Muitos têm sido os avanços dos Municípios na ultima década na busca do pleno reconhecimento de seu lugar no contexto da federação brasileira.

De fato, a Constituição Federal de 1988 definiu de maneira explícita a autonomia municipal em termos políticos, legais e financeiros; posteriormente, as Leis Orgânicas Municipais consolidaram tal quadro. O fato é que, em que pesem as restrições do quadro nacional mais amplo e a herança pesada dos regimes anteriores, os Municípios brasileiros nunca foram tão ricos e politicamente fortalecidos.

Contudo, uma última barreira parece persistir: a noção - equivocada - de que o Município não tem competência para agir dentro das suas próprias zonas rurais. Em outras palavras, existe por todo lado um entendimento de que os Municípios não teriam jurisdição sobre a parte do território municipal reservada para atividades rurais, as quais seriam campo exclusivo da ação da União Federal, notadamente no que toca a disciplina do uso do solo.

Tal noção errônea tem gerado todo tipo de aberrações - da falta de concessão de alvarás de construção e de licenciamento de atividades na área rural a proliferação de assentamentos ilegais tais como muitos dos chamados "loteamentos fechados", "granjeamentos" e "condomínios horizontais", reconhecidamente para fins urbanos, além da freqüente localização de equipamentos institucionais do Estado e da União sem qualquer consulta aos Municípios.

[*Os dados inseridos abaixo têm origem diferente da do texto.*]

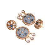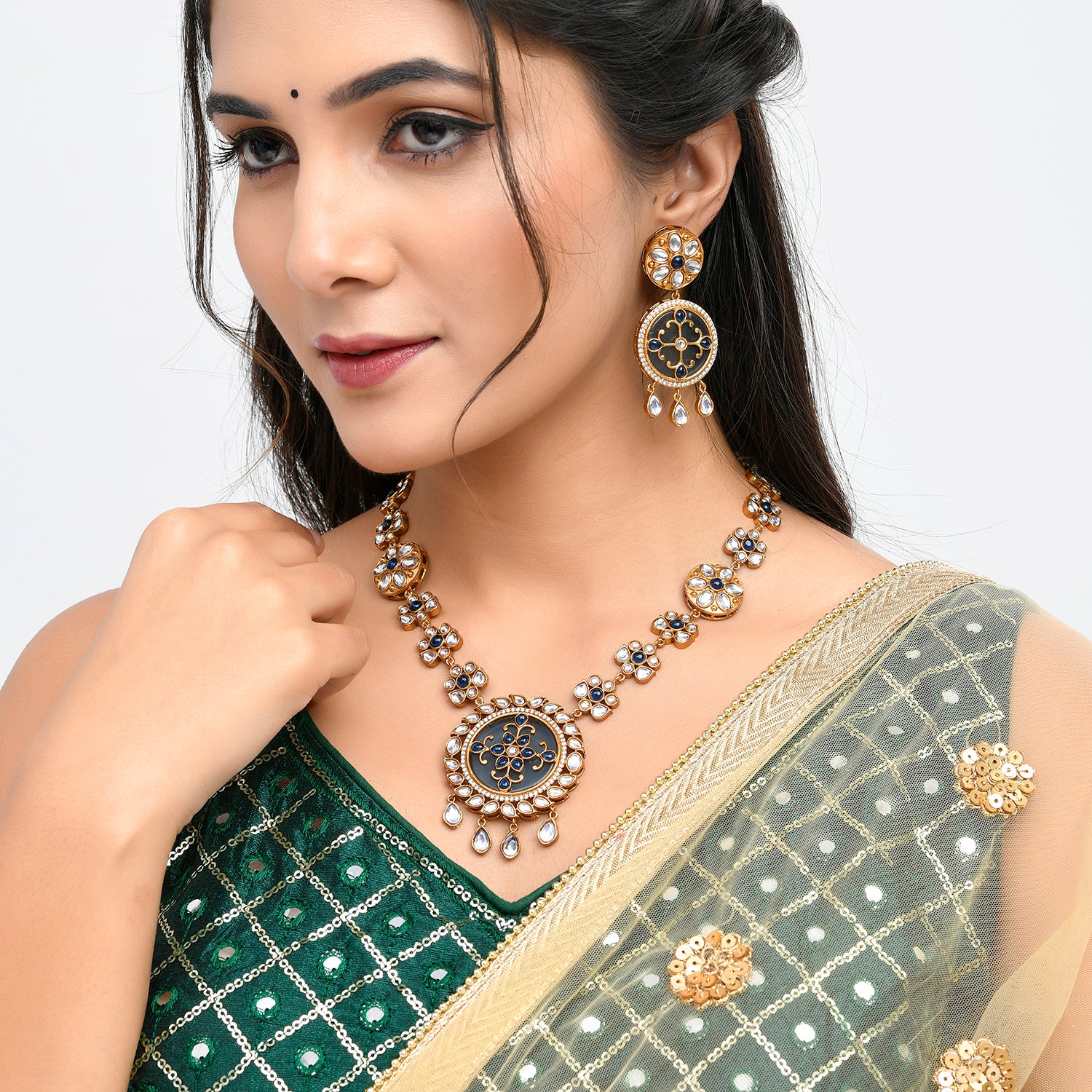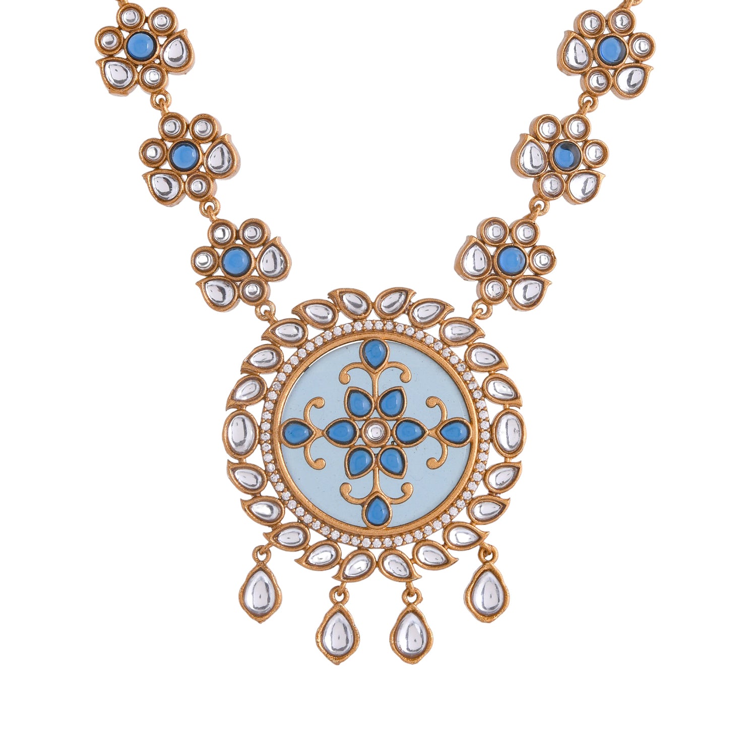 Hasli Elegant Long Blue Floral Kundan Studded Golden Necklace Set

Tentando evitar tais problemas e de forma a exercer maior controle sobre seus territórios, muitos Municípios têm optado por abolir totalmente as zonas rurais, abrindo a ocupação urbana - e a especulação imobiliária - mesmo àquelas áreas onde há genuína atividade agropecuária e/ou vocação rural. Além de afetar diretamente a produção rural, tais medidas têm também implicado, dentre outras coisas, em um maior comprometimento das áreas de preservação de mananciais e da cobertura vegetal existentes nas zonas rurais.

A grande ironia, contudo, e que cabe ao próprio Município delimitar tais zonas rurais (juntamente com as áreas urbanas e de expansão urbana) por lei municipal. Ora, um princípio básico do regime jurídico é o de que quem pode mais, pode menos: como, então, justificar a falta de competência municipal para agir sobre aquelas zonas criadas por lei municipal?

Na verdade, são duas as principais restrições do quadro legal vigente na ação dos Municípios nas zonas rurais: a determinação do tamanho mínimo do lote rural e a cobrança do imposto territorial rural (de cuja arrecadação o Município participa). No mais, toda e qualquer atividade que implique uso e ocupação do solo rural deve ser submetida a aprovação dos Municípios, com o que se faz necessária, além da formulação de uma política rural municipal, também a aprovação de diretrizes e critérios de uso e ocupação do solo.

O "mito da zona rural" tem origem na história de centralismo e autoritarismo do país e precisa ser corrigido com urgência. Ao invés de entregar seus territórios a ação ineficaz e incompetente do distante INCRA, transformando as zonas rurais em verdadeiras terras-de-ninguém; ao invés de ignorar a necessidade de enfrentar as questões rural e ambiental, facilitando a especulação imobiliária; ao invés de abolir as zonas rurais, os Municípios deveriam talvez acabar com as "Secretarias Municipais de Desenvolvimento Urbano", tal como elas existem, de forma a que elas se transformem em agências modernas de planejamento e promoção do desenvolvimento municipal integrado e sustentável.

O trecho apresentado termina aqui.